Any fruit preserves.  If it's good on toast, it's great in oatmeal.  Try Nutella.  Or a handful of blueberries.  I keep a bag of frozen blueberries in the freezer just for oatmeal.


----------



## ardchoille (May 13, 2015)

Andy M. said:


> Any fruit preserves.  If it's good on toast, it's great in oatmeal.  Try Nutella.  Or a handful of blueberries.  I keep a bag of frozen blueberries in the freezer just for oatmeal.



Yeah, I need to go shopping today.. I'll be buying fruit. I've never tasted Nutella, I'll have to try that as well. Thank you


----------



## creative (May 13, 2015)

I like organic dessicated coconut and raisins (cooking the raisins towards the end, to plump them up without them disintegrating, but adding the coconut once made) or sunflower seeds adds good crunch. I haven't tried it but adding some coconut milk to it too might be great.


----------



## Cooking Goddess (May 13, 2015)

I love adding "stuff" to oatmeal too, *ardchoille*. Here are some of my favorites:

1) dried cranberries, toasted walnuts, cinnamon
2) dried cherries, toasted almond slices, unsweetened coconut. (sometimes I go all-out and put a dark chocolate chip or two on a few of the spoonfuls  )
3) blueberries (fresh, frozen, or dried), toasted pecans, cinnamon
4) dried apricots
5) a wee-bit of dark brown sugar

I add any of the dried fruits when there is still a minute or two left, so that they can plump. I don't add the toasted nuts until I take the pan off the heat. I do toast the nuts in the same pot before I cook the oatmeal. 

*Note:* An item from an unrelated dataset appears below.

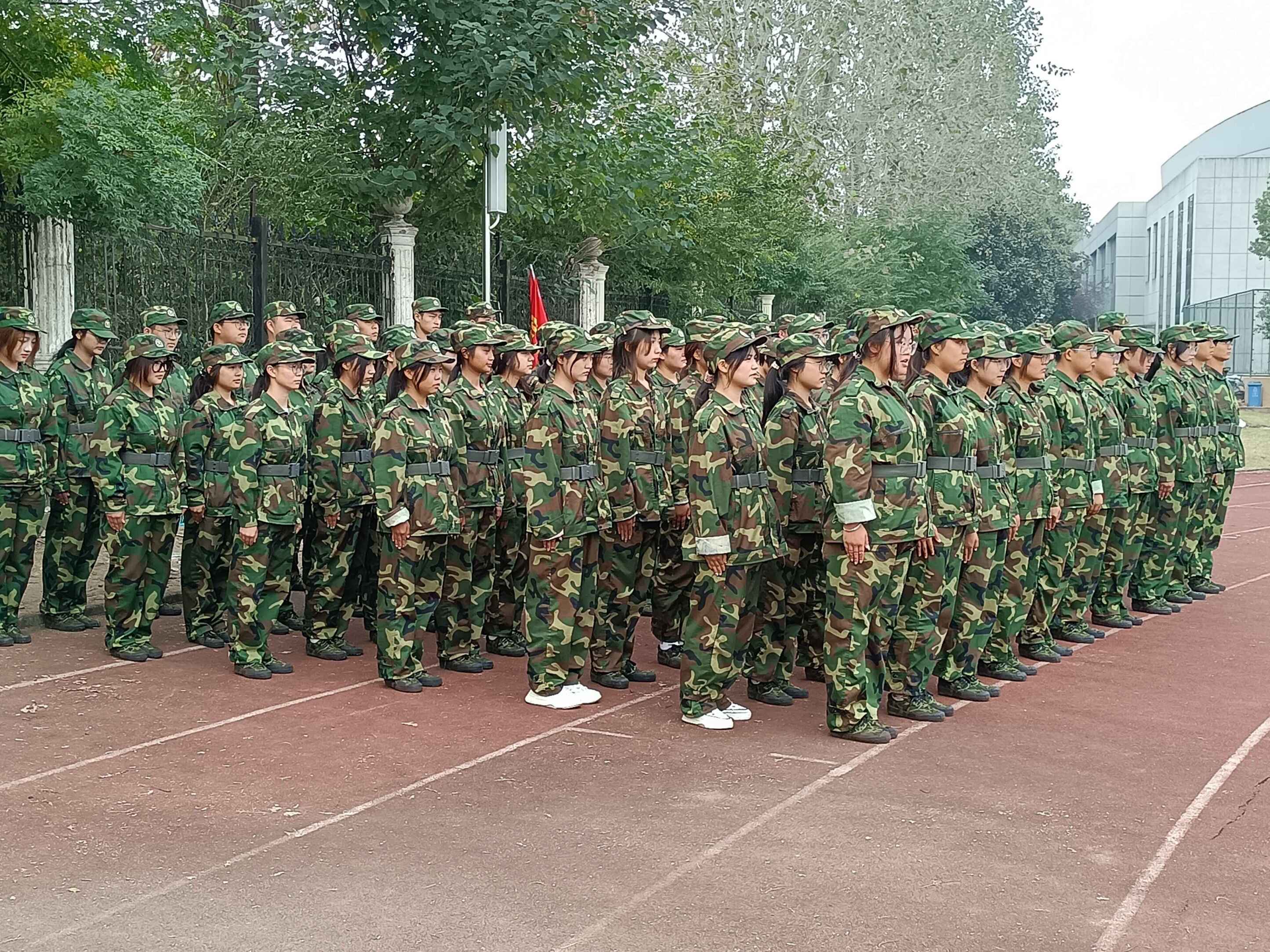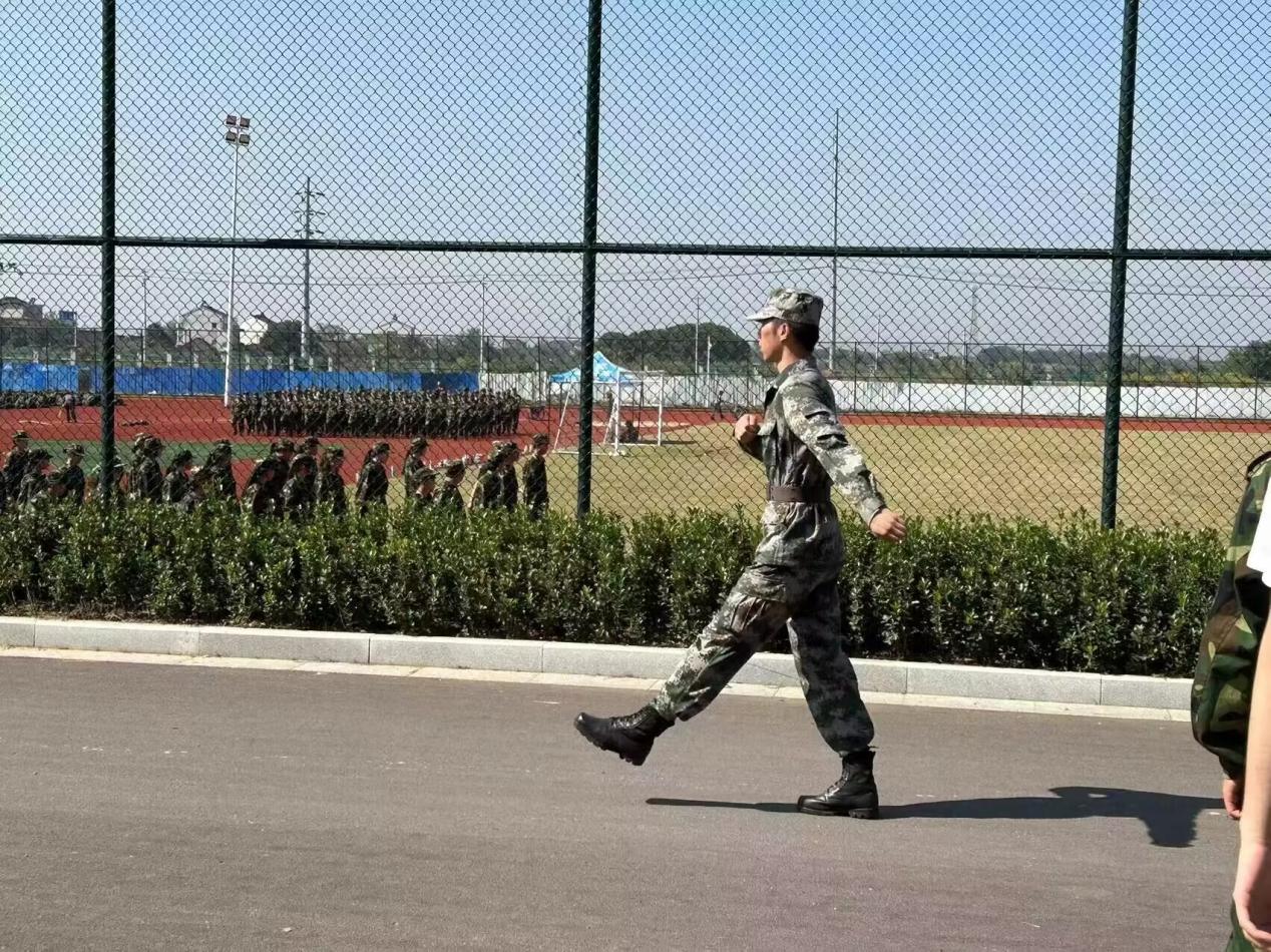 “稍息,立正……”绿茵场上,身着迷彩军训服的新同学个个昂首挺胸、神采奕奕,在教官们的指挥下,跟随口令做着立定、稍息、齐步走的动作。“双脚分开约60°,脚跟并拢,双手紧贴裤缝,前后贴紧不留缝隙,两肩后张收腹,下颌微收,抬头挺胸,目视前方。”站军姿是军训的必修课程,虽然辛苦,同学们却用汗水和坚持为这个秋天编织出了别样美丽的画卷。

Another trick I learned: it's OK to use more water than the box tells you to. I always made myself a serving with the 1/2 cup oatmeal to 1 cup water method. I now use 10 oz of water, a scant 1/2 cup oatmeal, and cook it just a bit longer - roughly 1 minute per oz of water. You get more bulk with fewer calories. 

I haven't tried making a savory oatmeal yet. I figure it can be done, since I often add oatmeal to meatloaf.


----------



## ardchoille (May 13, 2015)

creative said:


> I like organic dessicated coconut and raisins (cooking the raisins towards the end, to plump them up without them disintegrating, but adding the coconut once made) or sunflower seeds adds good crunch. I haven't tried it but adding some coconut milk to it too might be great.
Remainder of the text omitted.